Observable Context (gather from environment)
- Existing service structure: If a codebase exists, scan for service boundaries -> Look for: Docker/Kubernetes configs, API gateway routes, service directories, inter-service client libraries -> Reveals: actual granularity, communication patterns, shared dependencies
Default Assumptions
- If communication pattern unknown -> assume choreography-first (aligns with microservices philosophy)
- If transaction requirements unknown -> assume most operations are eventually consistent, flag any that look like they need atomicity
- If team size unknown -> assume moderate (can handle 5-15 services)
Sufficiency Threshold
SUFFICIENT: service boundaries (current or proposed) + communication pain points + transaction requirements are known
PROCEED WITH DEFAULTS: service boundaries are known, pain points and transactions unclear
MUST ASK: service boundaries are missing entirely
Process
Step 1: Map Current Service Boundaries
ACTION: Document each service's scope, responsibilities, and data ownership.
WHY: You cannot optimize granularity without understanding the current state. Each microservice should model a bounded context -- a domain or workflow that includes everything necessary to operate: classes, subcomponents, and database schemas. The bounded context concept from domain-driven design is the philosophical foundation of microservices. Services that share databases, classes, or schemas are not truly bounded and will suffer from coupling that defeats the purpose of microservices.
For each service, document:
- Name and domain purpose
- Key entities and data it owns
- Which other services it calls (and why)
- Which other services call it (and why)
- Database(s) it uses -- shared or dedicated
IF services share a database -> flag as coupling risk (violates data isolation principle) IF multiple services need the same entity class (e.g., Address) -> this is expected; microservices prefer duplication over coupling
Step 2: Apply Granularity Disintegrators
ACTION: Evaluate each service against the six disintegrator forces. Each force that applies pushes toward splitting the service into smaller ones.
WHY: Disintegrators are the forces that justify making services smaller.

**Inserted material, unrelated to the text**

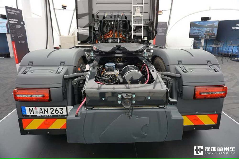 得益于模块化的电池设计,还有灵活的底盘设备排布,曼恩eTGX能够实现3.75米的短轴距,进而适应广泛的全尺寸挂车。此外,曼恩eTGX的鞍座高度得到了压缩,能够牵引内部高度为3米的挂车,实现“低鞍座牵引车”的运输任务。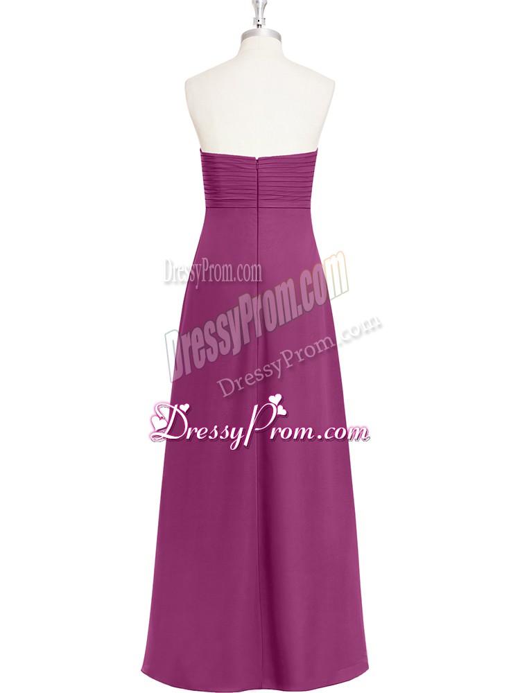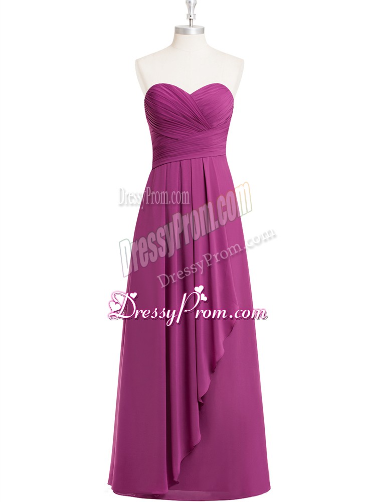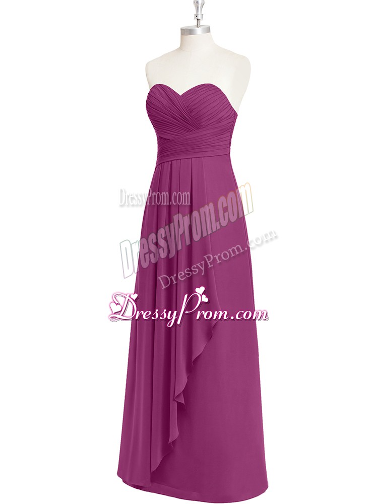 Neckline : SweetheartShown Color : FuchsiaSilhouette : EmpireSleeve Length : sleevelessHemline : floor lengthBack Detail : ZipperFabric : ChiffonEmbellishment : RuchingOccasion : Prom,Party,Military BallSeason : Spring,Summer,Fall,Winter

Without a structured evaluation, architects split services based on gut feeling, which usually leads to either over-splitting (too many tiny services) or under-splitting (hidden monolith). Each disintegrator has a specific, testable reason for splitting -- if none apply, the service is the right size.
The six disintegrators:
-
Service scope and function -- Is the service doing too many unrelated things? -> Test: Can you describe the service's purpose in one sentence without using "and"? -> If the service handles "order management AND inventory tracking AND shipping," it may be doing too much. -> Split when: the service contains multiple distinct business domains that could operate independently.
-
Code volatility -- Do different parts of the service change at very different rates? -> Test: Over the last 6 months, did some components change weekly while others haven't changed in months? -> Split when: a frequently-changing component is locked into a service with stable components, forcing unnecessary redeployments.
-
Scalability -- Do different parts need different scaling profiles? -> Test: Does one component need 10 instances while another needs only 1? -> Split when: scaling the service up also scales components that don't need it, wasting resources.
-
Fault tolerance -- Should a failure in one part NOT bring down another part? -> Test: If the recommendation engine fails, should order processing still work? -> Split when: a non-critical component's failure takes down a critical component.
-
Security -- Do different parts require different security levels or access controls? -> Test: Does one component handle PCI/PII data while another handles public data? -> Split when: the entire service must run at the highest security level because one component requires it.
-
Extensibility -- Is one part of the service likely to grow in directions that don't affect the rest? -> Test: Are new features being added to one component while others remain stable? -> Split when: extension points are concentrated in one area and coupling to the rest slows development.
Score each service: For each disintegrator, mark whether it applies (YES/NO) with specific evidence. A service with 3+ disintegrators applying is a strong candidate for splitting.
Step 3: Apply Granularity Integrators
ACTION: Evaluate whether services that seem like they should be separate actually need to stay together (or be merged).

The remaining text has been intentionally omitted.